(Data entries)
□ □ □ □ □ □ □
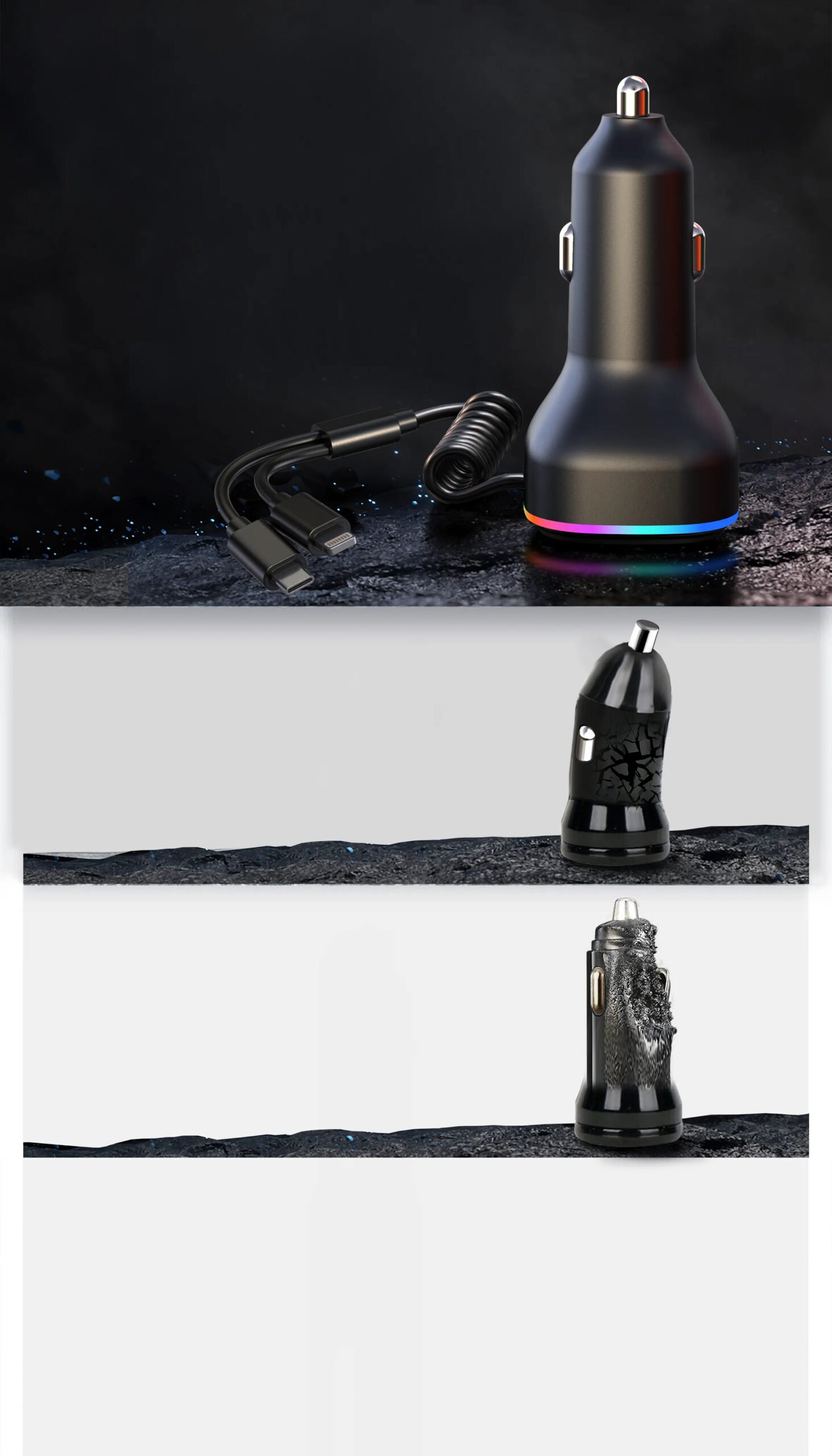 Compact & Durable: Space-saving design with reinforced connectors withstands daily plugging/unplugging. Non-slip grip ensures secure placement in any car outlet.
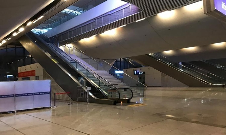 Các dịch vụ tại nhà ga Vũ Hán đều không có khách sử dụng. Ảnh: China News.
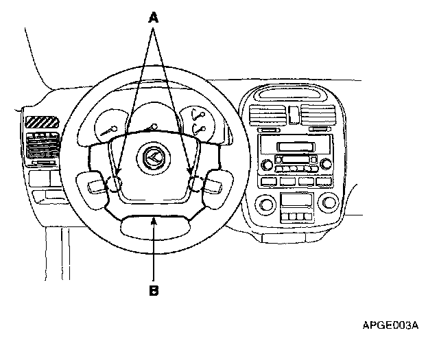 3. Disconnect the horn connector and the air bag module connector, and remove the air bag module (B).
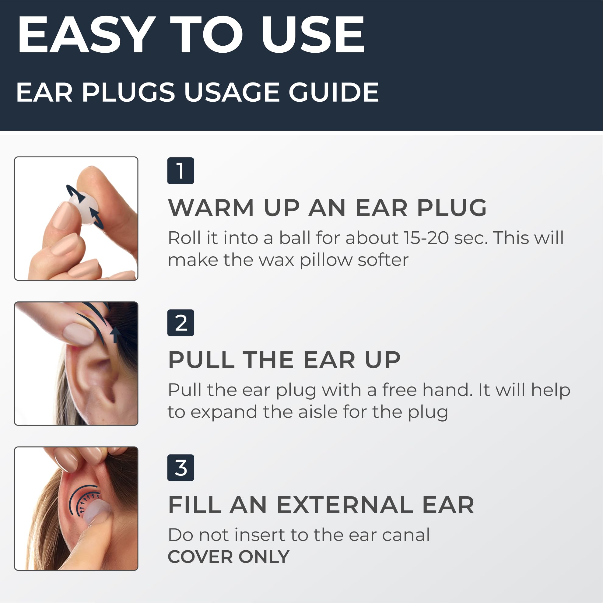 Ear protection in water: PQ Wax Gel Swimming earplugs are waterproof, so they protect your ears from water when swimming or taking a shower. Wax earplugs don’t fall out and don’t pressure your ears like rubber ear plugs
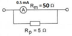 Aan een mili-amperemeter met een eigen weerstand van 50 Ohm en een meetgebied van 0.5 mA wordt een weerstand van 5 Ohm parallel geschakeld.
□ □ □ □ □ □ □
What you are asked to do
Once you find the line containing "Các dịch vụ", transcribe it and each line after it to the end of the records exactly, and leave out the pictures.

Written response
 Các dịch vụ tại nhà ga Vũ Hán đều không có khách sử dụng. Ảnh: China News.
 3. Disconnect the horn connector and the air bag module connector, and remove the air bag module (B).
 Ear protection in water: PQ Wax Gel Swimming earplugs are waterproof, so they protect your ears from water when swimming or taking a shower. Wax earplugs don’t fall out and don’t pressure your ears like rubber ear plugs
 Aan een mili-amperemeter met een eigen weerstand van 50 Ohm en een meetgebied van 0.5 mA wordt een weerstand van 5 Ohm parallel geschakeld.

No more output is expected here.